Слухи ползли. Может быть, в столице еще раз по какому-нибудь поводу император коснулся русской словесности или памятного ему романа. Может быть, отзывались в Пятигорске давние события. Великосветская молодежь, собравшаяся на водах, черпала придворные известия из разных источников. Но все сходились в одном: Лермонтов осужден… осужден бесповоротно.
Слухи были так зловещи, что однажды ночью, после ухода последнего гостя, озабоченный Столыпин решил поговорить с Михаилом Юрьевичем.
– Ты знаешь о слухах, которые идут о тебе из Петербурга?
– Кое-что знаю.
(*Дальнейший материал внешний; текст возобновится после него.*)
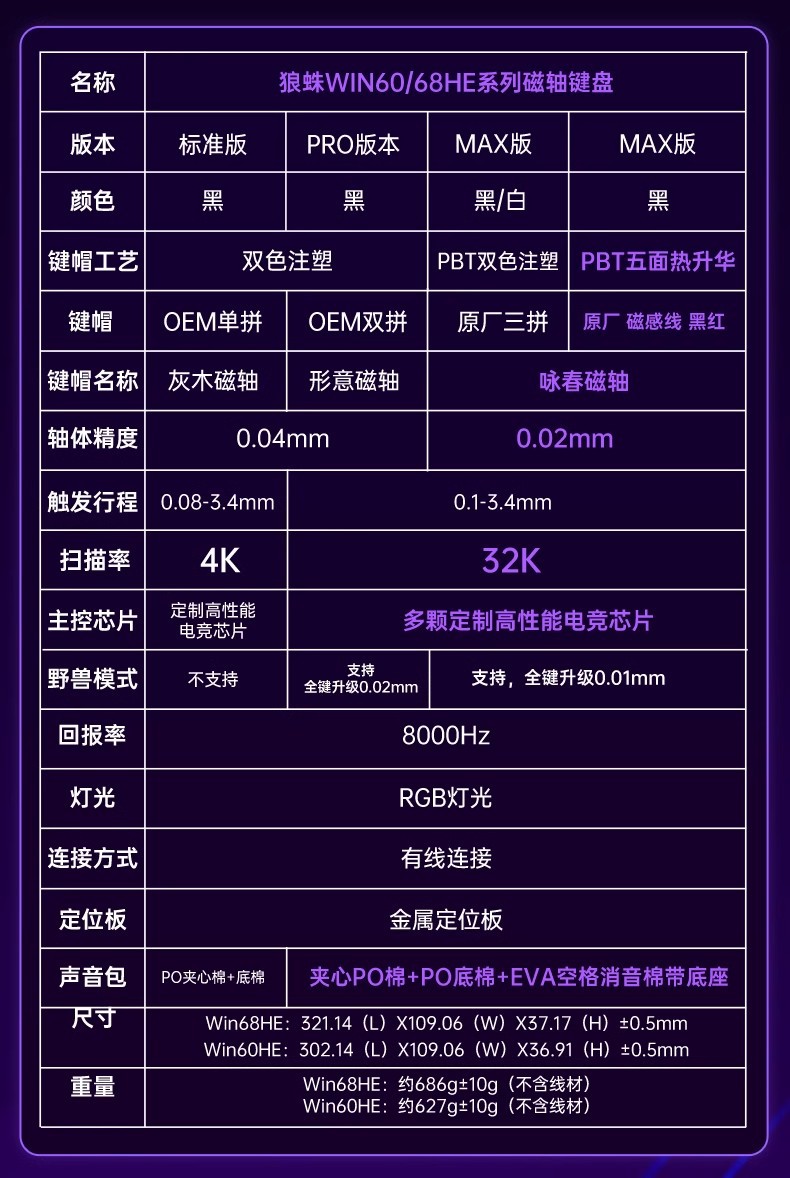 狼蛛WiN60/68HE磁轴键盘客制化有线机械键盘usb电竞台式游戏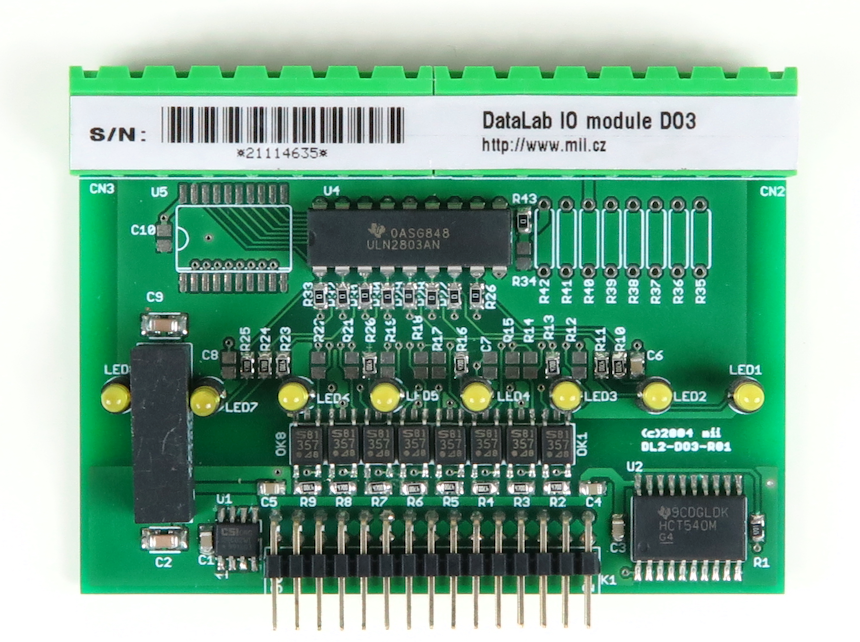 Modul DO3 obsahuje osm digitálních spínacích výstupů s otevřeným kolektorem. Výstupy mají společný pól. Sepnutý výstup je indikován LED.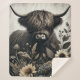 Un toro Highland oscuro y monótono con un girasol para una sofisticada imagen de casa de campo.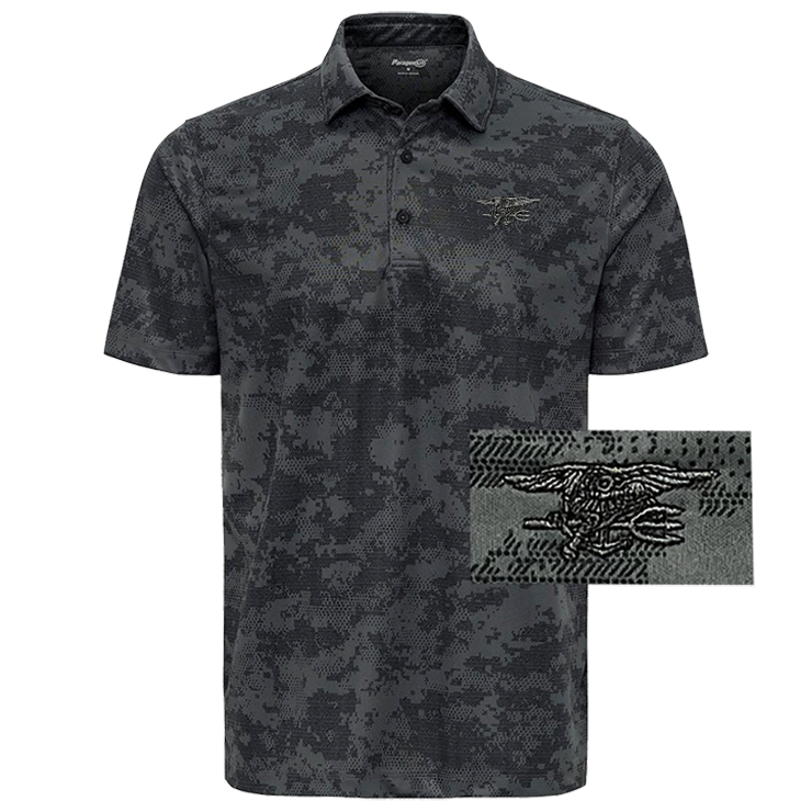 • Embroidered Grey Trident with Black Topstitch on Front Left Chest

А разве есть что-нибудь новое? – рассеянно спросил поэт.
– К сожалению, ничего утешительного. Не твой ли роман, снабженный предисловием, поднял новую бурю?
– Может быть… – Лермонтову, по-видимому, не хотелось говорить.
– Судя по всему, в Петербурге рвут и мечут, никак не могут о тебе забыть. Но я все-таки не могу понять: почему ты привлек столь исключительное внимание его величества?
– Нам никак с ним не по пути, Монго! – Поэт помолчал. – Но если бы удалось вырваться в отставку, даю слово, стал бы писать больше и лучше.
– Недурное обещание, когда тебя именно за писание загнали на край света! Стену, Мишель, лбом не прошибешь!
– А я больше не могу жить на бивуаках.
– Но не ты ли доказал, что мог написать целый роман, живя на перекладных? И сейчас «Отечественные записки» печатают твои стихи чуть ли не в каждом номере.
– Все это не то! Пора приступить мне к важной задаче…
Это был, конечно, роман-трилогия. Для углубленной работы прежде всего нужна была отставка. Поэт и в Пятигорске задерживался только потому, что смутно верил в исполнение своих надежд.
Непонятно, откуда эти надежды родились. Вести, приходившие из Петербурга, говорили о другом.
Поэт еще раз писал бабушке:
«То, что вы мне пишете о словах г. Клейнмихеля, я полагаю, еще не значит, что мне откажут отставку, если я подам; он только просто не советует; а чего мне здесь еще ждать? Вы бы хорошенько спросили только, выпустят ли, если я подам…»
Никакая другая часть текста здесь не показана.